Speeches and other propaganda had a very large impact in the Persian war. Nevertheless, Thucydides was extremely meticulous in his documentation, and records the varied certainty of his sources each time. This war, called The Peloponnesian War, actually fell into two periods, separated by a six-year truce.
The idea that the plague that struck Athens was of the pneumonic nature is further supported by the fact that it was easily spread through the air, which could and did affect any one who came in close contact with an infected individual.
The Athenians had the stronger navy and the Spartans the stronger army.
It took over eleven years, but Athens and the rest of Greece finally was able to quell the attacks of Persia and came out the victor of this war. The world will little note, nor long remember what we say here, but it can never forget what they did here.
The war was fought on both land and sea; the Spartans on land and the Athenians on sea. Where their system of democracy allowed them to have a voice amongst those who made important decisions that would affect them. To help make his point he stated that the soldiers whom he was speaking of gave their lives to a cause to protect the city of Athens, its citizens, and its freedom.
Additionally the fact that the bacteria was so quickly developing resistant and new and more powerful strains supports the fact that the plague was pneumonic in nature and thus more difficult Speeches and propaganda of the peloponnesian treat.
Content of the speech[ edit ] The Funeral Oration is significant because it differs from the usual form of Athenian funeral speeches. During the second year of the war a plague began to attack and kill the Athenian people.
The audience is then dismissed. In this war, Athens took just as much the offensive as Sparta. The style is deliberately elaborate, in accord with the stylistic preference associated with the sophists.

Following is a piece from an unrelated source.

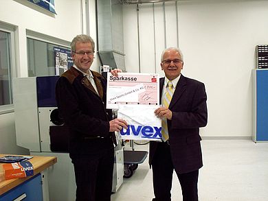 Am 31.01.2012 überreichte das Unternehmen Uvex im Technologiezentrum Cham eine Spende an Prof. Dr. Wolfgang Blöchl (Fakultät Maschinenbau / Umwelttechnik) in Form von umfangreicher Sicherheitsbekleidung. Begleitend zur Ingenieurausbildung stellt die anwendungsnahe Forschung am TC Cham für Uvex einen erheblichen Mehrwert dar, so Dr. Emile Yaacoub vom Unternehmen.

Then a funeral procession was held, with ten cypress coffins carrying the remains, one for each of the Athenian tribesand another for the remains that could not be identified.
Peter Aston wrote a choral version, So they gave their bodies,  published in The freedom we enjoy in our government extends also to our ordinary life.
The Persian War was about one thing, survival.Speeches and Propaganda of the Peloponnesian and Persian War This Essay Speeches and Propaganda of the Peloponnesian and Persian War and other 64,+ term papers, college essay examples and free essays are available now on mi-centre.com Autor: review • March 10, • Essay • Words (2 Pages) • Views.
The main concepts explored the distinction between news and propaganda, the forms of propaganda and psuedo-events, and the five filters of Herman and Chomsky’s Propaganda Model.
I will discuss the work of Boorstin and Herman & Chomsky, and use media ownership as an example of propaganda in the media. In this paper, we are going to look at the differences in speeches and propaganda used in the Persian War and the Peloponnesian War and what the speeches reveal about the city/states' reasons for going to war.
there was a rebellion in the Persian Empire. Propaganda and stirring speeches made by the leaders of Athens convinced their citizens that going to war made sense and that they should come up in. Pericles' Funeral Oration is a famous speech from Thucydides' History of the Peloponnesian War.
The speech was delivered by Pericles, an eminent Athenian politician, at the end of the first year of the Peloponnesian War (– BC) as a part of the annual public funeral for the war dead.